Ironi di Tempat Suci: Kala Kekudusan Tercoreng Pencurian
Tempat ibadah seharusnya menjadi oase ketenangan, kedamaian, dan kekhusyukan, tempat di mana hati dan jiwa menemukan perlindungan. Namun, ironisnya, ruang-ruang sakral ini tak luput dari incaran tangan-tangan jahil pencuri. Fenomena pencurian di rumah ibadah adalah realitas pahit yang merusak kepercayaan dan mencoreng kekudusan.

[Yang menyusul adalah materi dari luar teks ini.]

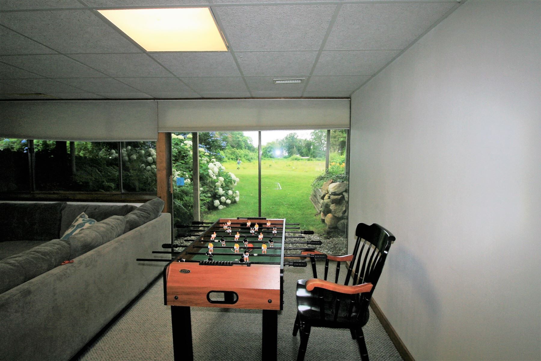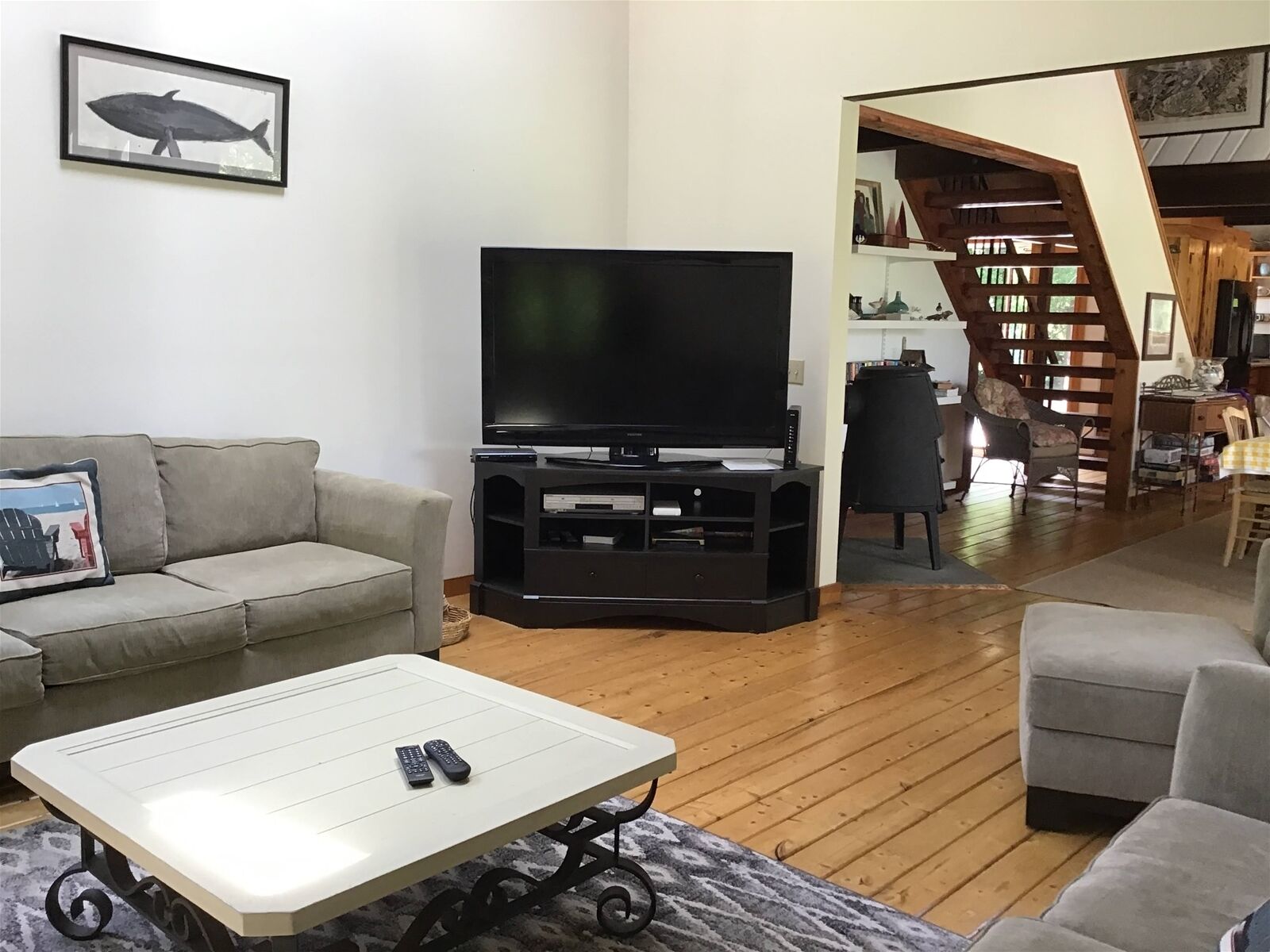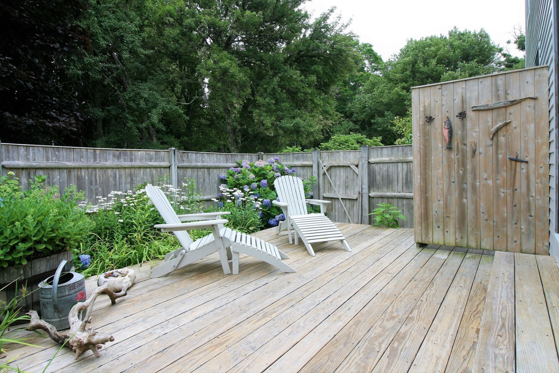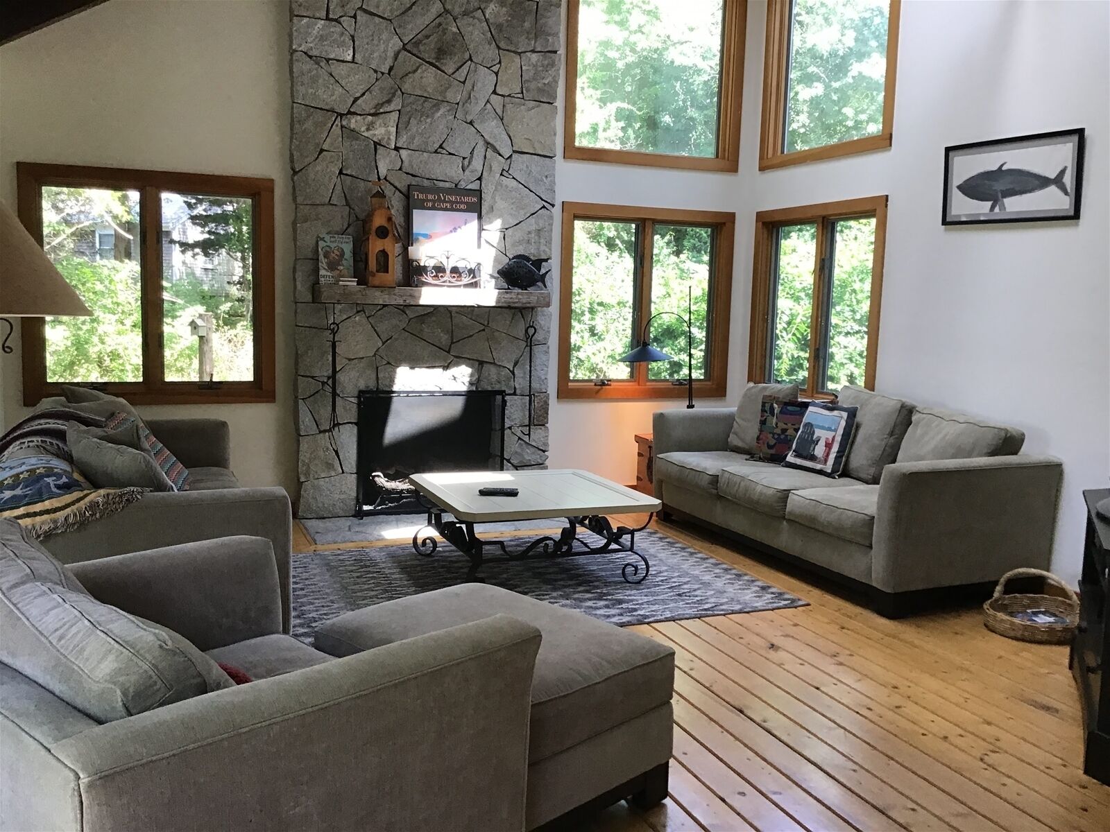 Path to Skaket Beach | 5 Bed, 3 Bath Contemporary home with private setting just 3/10 mile walk through a private neighborhood association path to Skaket Beach. Back yard overlooks an active cranberry bog! Near the Cape Cod Bike Trail and less than a mile to Rock Harbor fishing fleet. There are 3 decks and a fully screened porch with table and chairs with views of beautiful one acre yard. Central A/C throughout plus lots of space for entertaining with the open floor plan. Five bedrooms include the first floor Primary Bedroom with a slider to a private patio and outdoor shower. 2nd bedroom on main floor has two twins. 3 more bedrooms upstairs.A loft upstairs makes a great play area. Lower level has full bath and TV and relaxing living space. There is a foosball table for extra fun! Stroll to historic Captain Linnell House for fine dining. Enjoy the sunset over Skaket Beach....It is vacation time! Upstairs has loft, 3 bedrooms. One king, one queen and 2 twins in 3 BR. One full bath upstairs with tub/shower combo. Master suite is on main level and has deck with outdoor shower. Bathroom is right outside the master door w/ tub/shower 5th bedroom 2 twins on main level shares hall bathroom. Basement has full bathroom. Large sofa in lower level. 3 new mini-splits added to upstairs bedrooms for extra cooling!King Beds (2), Queen Bed (1), Single Beds (4)Blankets and Pillows Provided - Guests need to bring or rent bed linens and towelsCentral ACWIFITVs (2)FoosballWasher & DryerParking for up to 4 carsDeckScreened PorchGas GrillFully Enclosed Outdoor ShowerFull Sized RefrigeratorOvenMicrowaveRegular Drip CoffeemakerToasterIron & Ironing BoardBeach Equipment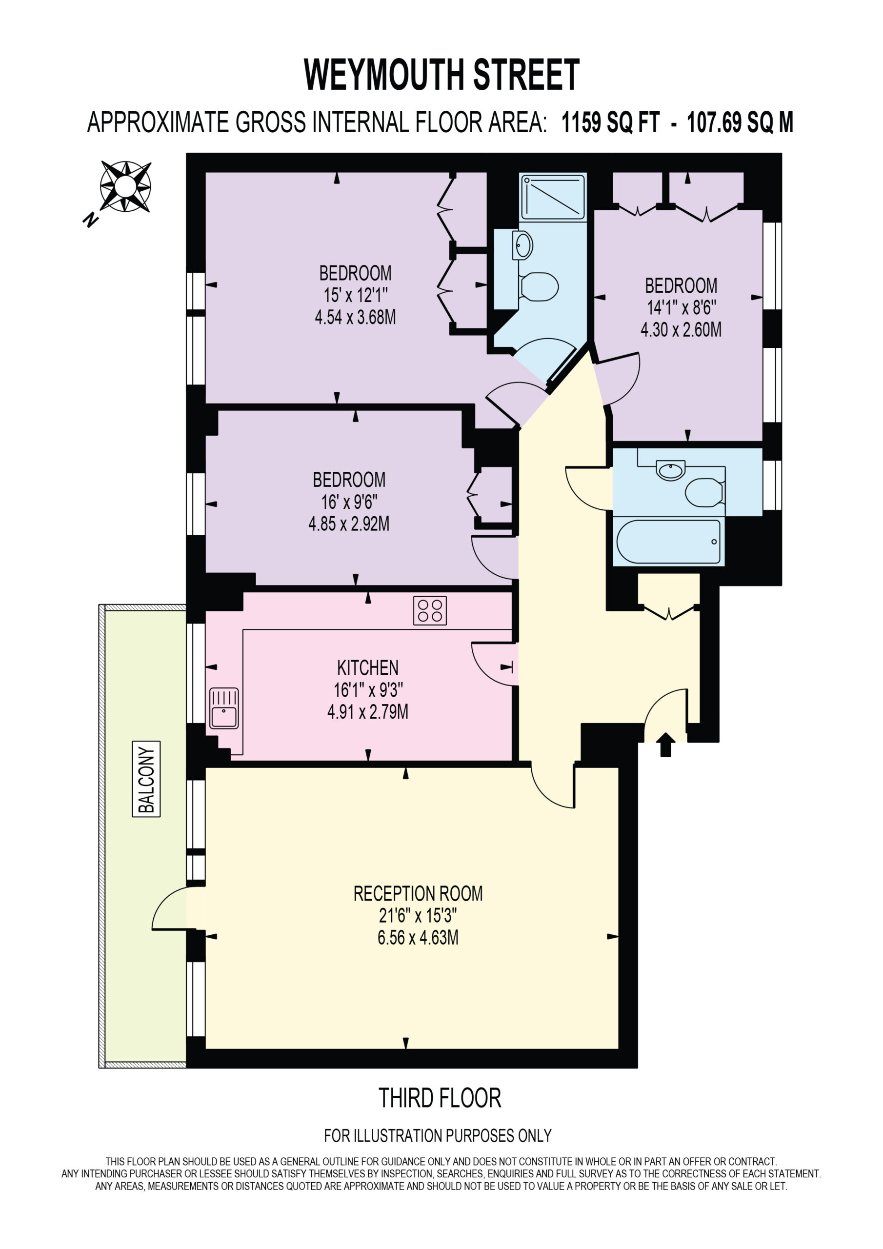 A stunning three bedroom apartment with two bathroom, a private balcony offering over 1100 sq ft, set within a sought after portered block in nestled between Marylebone and Fitzrovia.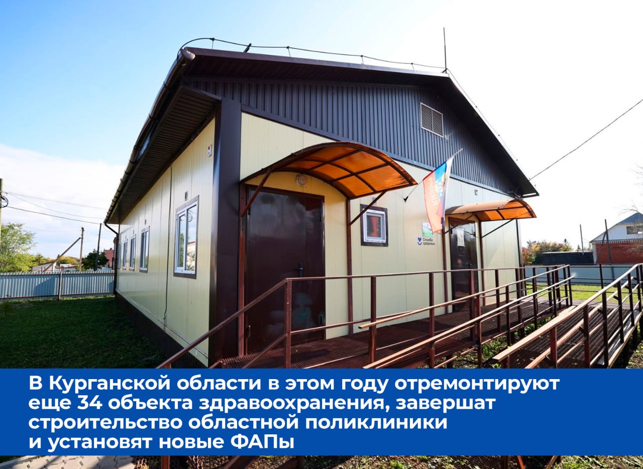 С 2019 года в Курганской области с привлечением всех источников финансирования отремонтировано и построено порядка 520 объектов здравоохранения. В том числе, новые детская и взрослые поликлиники в Заозерном, построен хирургический корпус областного онкологического диспансера, крупная амбулатория в городе Шадринске. Прошли капитальные ремонты в больницах и поликлиниках практически всех округов. Завершается строительство поликлиники областной клинической больницы.

Pencurian di tempat ibadah seringkali bukan didorong motif kebencian agama, melainkan murni oportunisme. Pelaku memanfaatkan kelengahan jemaah atau minimnya pengawasan. Targetnya beragam, mulai dari kotak infak, sumbangan, hingga barang pribadi jemaah seperti tas, dompet, atau alas kaki yang diletakkan sembarangan. Kepercayaan bahwa tempat ibadah adalah area yang aman justru dimanfaatkan oleh oknum tak bertanggung jawab.

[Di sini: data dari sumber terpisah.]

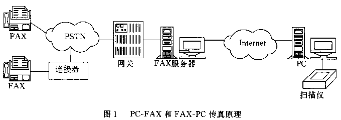 傳真機的基本工作原理是利用光電掃描技術(shù)將圖像、文字轉(zhuǎn)化為采用霍夫曼編碼方式的數(shù)字信號,經(jīng)V.27、V.29方式調(diào)制后,按T.30協(xié)議在模擬信道上傳輸。由于通信協(xié)議、信號格式的不同,傳真機是不能直接在Internet網(wǎng)上傳送信息的。要使連接在PSTN上的傳真機發(fā)出的信號在Internet網(wǎng)上傳輸,基本的原理則是在PSTN和Internet之間構(gòu)筑網(wǎng)關(guān),由網(wǎng)關(guān)進行協(xié)議的轉(zhuǎn)換,使PSTN網(wǎng)的傳真信號和Internet網(wǎng)的數(shù)據(jù)包可以相互轉(zhuǎn)換。
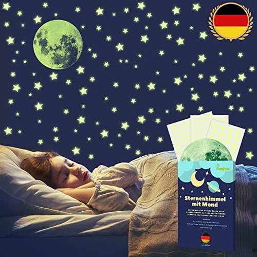 Wie hell sollen die Leuchtsticker für die Wand im Kinderzimmer leuchten? Diese Frage ist entscheidend, wenn Sie Leuchtsterne fürs Kinderzimmer kaufen. Diversen Online-Tests zufolge verfügen Leuchtsterne fürs Kinderzimmer in der Regel über eine mittlere Leuchtfähigkeit. Es gibt auch Leuchtsterne fürs Kinderzimmer mit extrastarker Strahlkraft. Wichtig ist vor allem, dass die fluoreszierende Wirkung nicht zu schwach ist, sonst verpufft der erhoffte Leuchteffekt.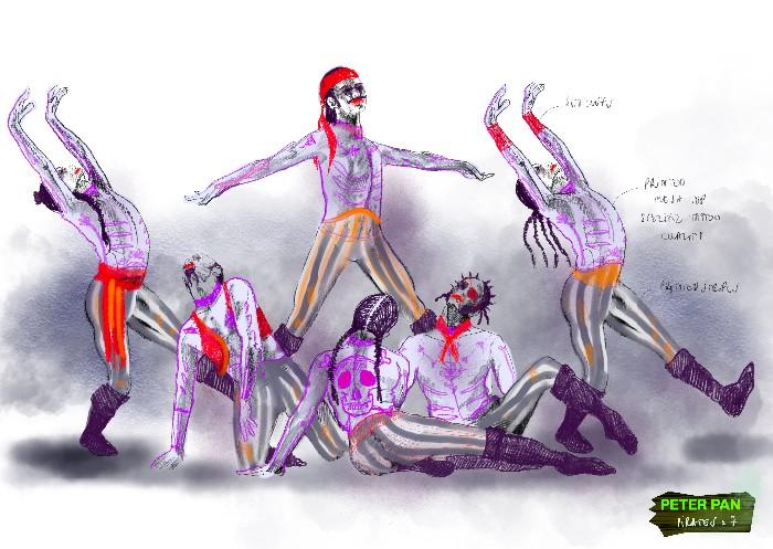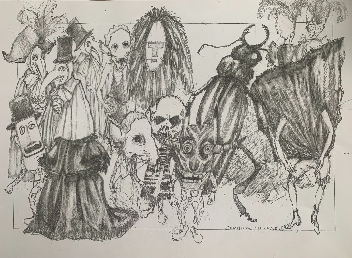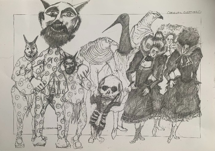 Taken from my sketchbook I was trying to work out the juxtaposition of carnival images and characters that would create the energetic sense of chaos a Carnival can have. Pagan, Festive and Theatrical.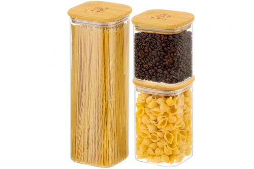 БЫЛО 1904 руб! Набор 3 банок д/хранения 2 л, 1,1 л, 800 мл "Crystal glass" + бамбук.крыш. с силик.проклад.,стекло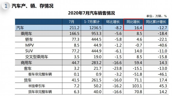 人民網(wǎng)北京8月11日電(王紫)8月11日,據(jù)中國汽車工業(yè)協(xié)會(huì)發(fā)布月度數(shù)據(jù)顯示,7月我國汽車產(chǎn)銷形勢總體穩(wěn)定,銷量達(dá)211.2萬輛,同比增長16.4%,其中商用車同比增速明顯。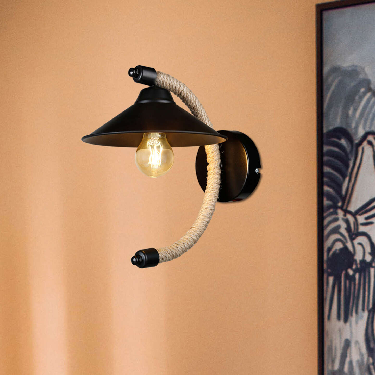 . Elektrostatik Boyalı Metal Kasa İle Organik Halat Sarılı Gövdenin, Abs - Policarbonat Karışım Malzeme Kullanılan Şapka Ve Dekoratif Aksesuarların Birlikte Dizaynı İle Tasarlanan '' Adel Aplik '' Bulunduğu Ortama Modern Tarzı Yansıtır.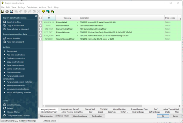 User defined Opaque constructions can be created using the “Opaque Building Assembly Setup” which opens the Constructions Database window.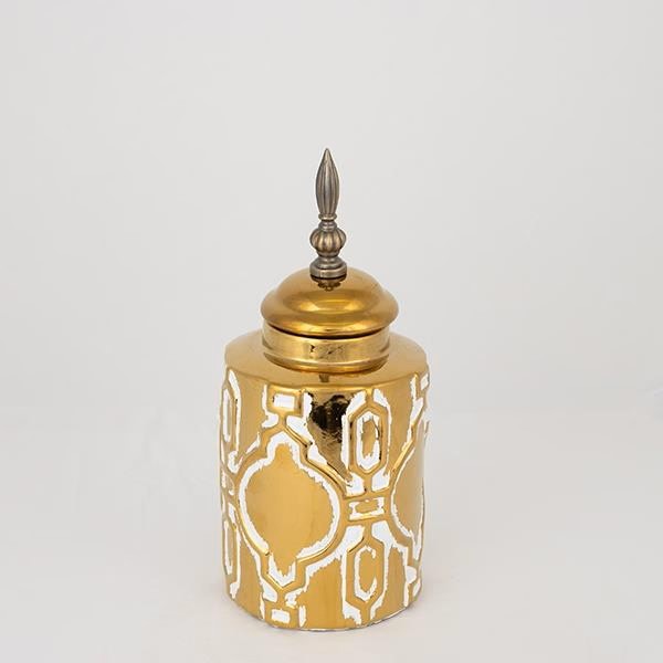 ESTHETI HOME ΒΑΖΟ ΜΕ ΚΑΠΑΚΙ ΚΕΡΑΜΙΚΟ ΛΕΥΚΟ - ΧΡΥΣΟ 12.5x12.5x28cm 752-20077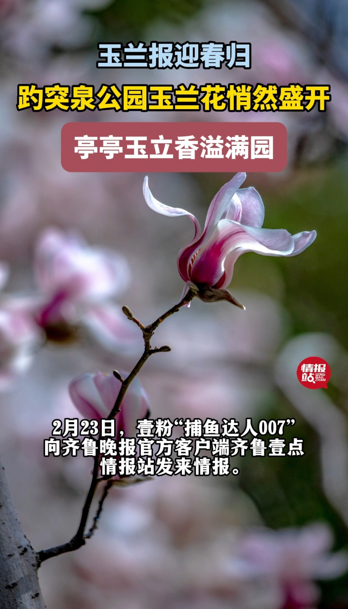 壹粉过大年|趵突泉公园玉兰花悄然盛开,亭亭玉立香溢满园!齐鲁壹点 | 02-23 大众报业·齐鲁壹点 微信扫码扫码下载客户端2月23日,壹粉“捕鱼达人007”向齐鲁晚报官方客户端齐鲁壹点情报站发来情报。趵突泉公园的玉兰花悄然盛开,满树望春玉兰竞相绽放。洁白花瓣配着紫红色花托,清雅动人。游人如织的泉畔花园里,花儿亭亭玉立、明艳亮眼,引得游客纷纷驻足拍照,为春日的趵突泉添上一抹温柔别致的风景。

Dampak pencurian ini melampaui kerugian materi. Ia merusak rasa aman dan kepercayaan yang seharusnya bersemi di lingkungan ibadah. Jemaah bisa merasa was-was, kenyamanan beribadah terganggu, dan bahkan citra tempat ibadah itu sendiri bisa tercoreng. Kejadian ini mengingatkan kita bahwa kejahatan bisa terjadi di mana saja, bahkan di tempat yang paling tidak terduga.

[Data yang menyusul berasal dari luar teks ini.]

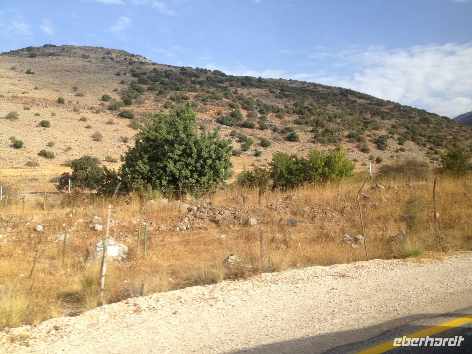 Wir erreichten nun schon die Golanhöhen. Spricht man heute in Deutschland über diesen Landstrich, hört man Wörter wie „Krieg", „Auseinandersetzungen", „Angriff", „Beschuss" und „Syrienkrise" in jedem Satz. Die unverwechselbare Schönheit dieser Landschaft wird dabei aber immer wieder vergessen. Und dass es hier keinesfalls gefährlich ist, davon überzeugten wir uns selbst.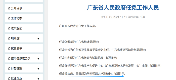 11月11日,广东省人力资源和社会保障厅网站主动公开消息:广东省人民政府任免工作人员。其中,任命潘文庆、王春超为华南师范大学副校长,试用1年。
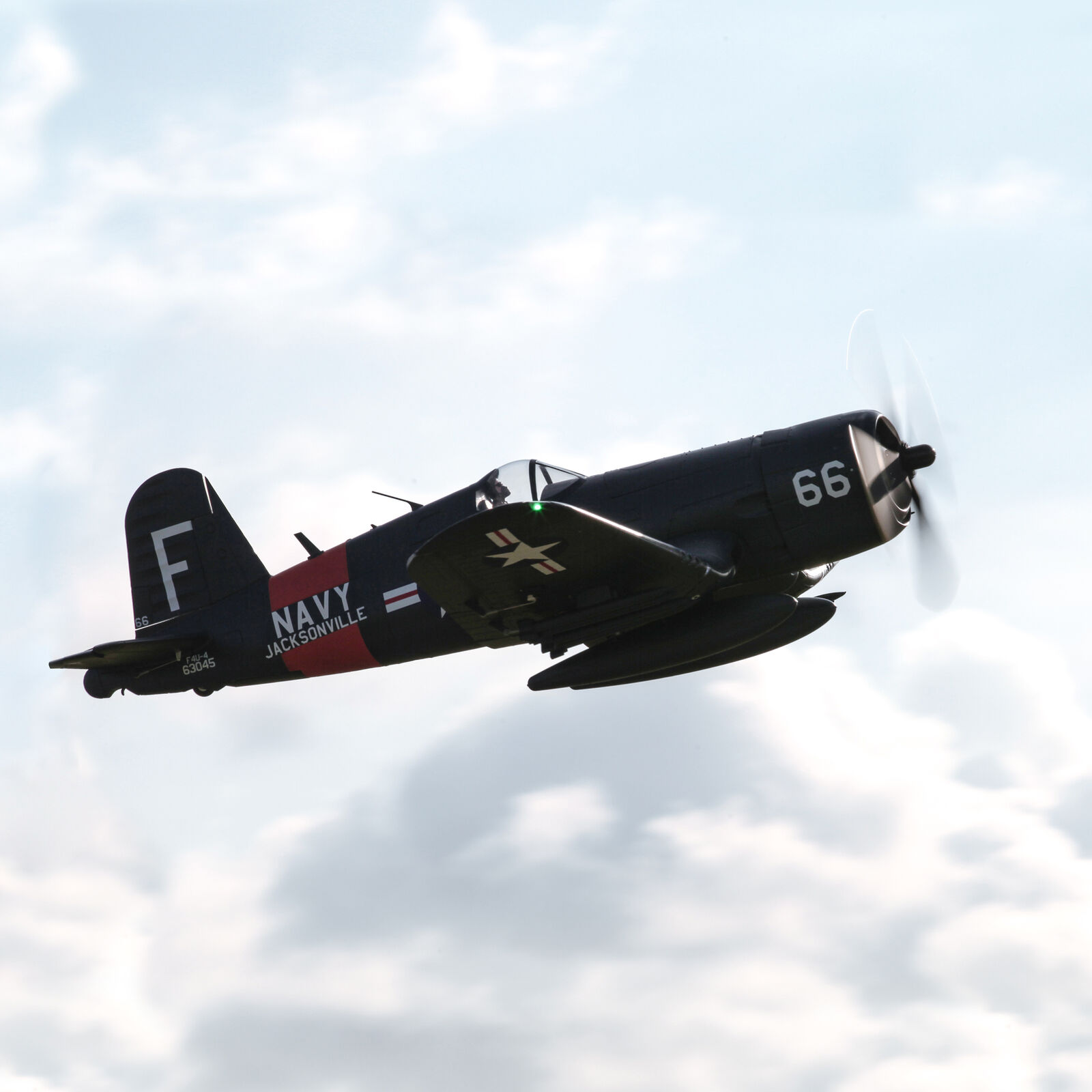 Committed to creating the most visually realistic aircraft on the market, FMS has added numerous scale features onto the 1700mm F4U V3. Pitot tubes, missile racks, auxiliary fuel tank, aerials, exhausts, realistic tail gear, pilot figure etc. allow the aircraft to look statically realistic. Rotating electric retracts, 3 position flaps, navigation and landing lights, slow retracting gear bay doors add to the dynamic realism of the aircraft.

Maka, penting bagi pengelola dan jemaah untuk meningkatkan kewaspadaan tanpa mengurangi kekhusyukan. Pemasangan CCTV, pengawasan sukarela, dan saling mengingatkan adalah langkah konkret. Dengan begitu, tempat ibadah dapat kembali menjadi benteng kekudusan yang sejati, bebas dari bayang-bayang kejahatan, dan tetap menjadi ruang aman bagi setiap jiwa yang mencari ketenangan.